Show that when X follows an exponential distribution with parameter ,E.X n / D nŠ= n, n  0

It seems like there's a bit of confusion in your question as it contains some special characters that are not clearly defined. However, I'll provide a general solution for the expected value of an exponential distribution.

The exponential distribution is defined as:

f(x|λ) = λe^(-λx) for x >= 0, and 0 otherwise.

Where:

• λ > 0 is the rate parameter
• x is a random variable

The expected value (E[X]) of an exponential distribution is calculated as:

E[X] = ∫_0^∞ xλe^(-λx) dx

To solve this integral, we can use integration by parts, where:

u = x, dv = λe^(-λx) dx du = dx, v = -e^(-λx)
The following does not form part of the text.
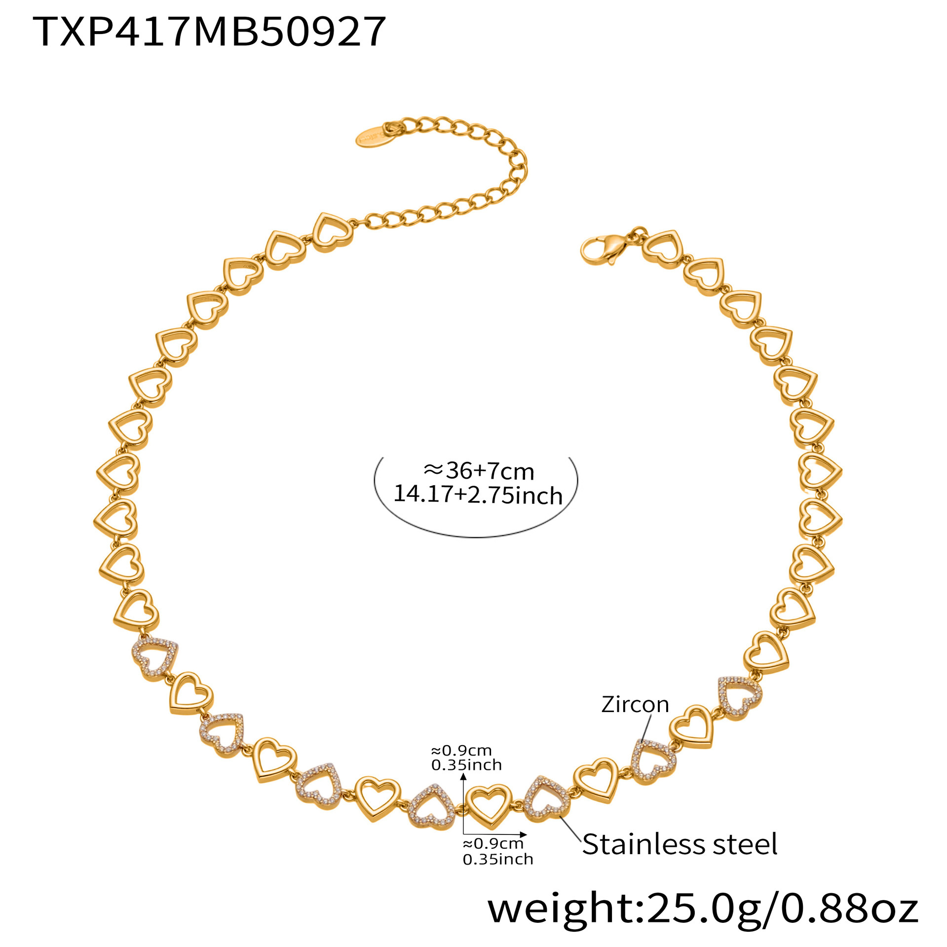 Cubic Zirconia Micro Pave Ensembles de bijoux en acier inoxydable, boucle d'oreille & collier, avec 2lnch chaînes de rallonge, coeur, Placage de couleur d'or, chaîne ovale & avec zircone cubique   Environ 17 pouce, Vendu par fixé

According to the integration by parts formula ∫udv = uv - ∫vdu, we get:

E[X] = [-xe^(-λx)]_0^∞ + ∫_0^∞ e^(-λx) dx

The first term of the right hand side is zero (you can confirm this by substituting the limits of x). The second term is the integral of an exponential distribution, which is equal to 1/λ.

So, the expected value E[X] = 1/λ.

This shows that the expected value of an exponential distribution with rate parameter λ is 1/λ. If you meant something different with your question, please provide additional details or clarify the special characters.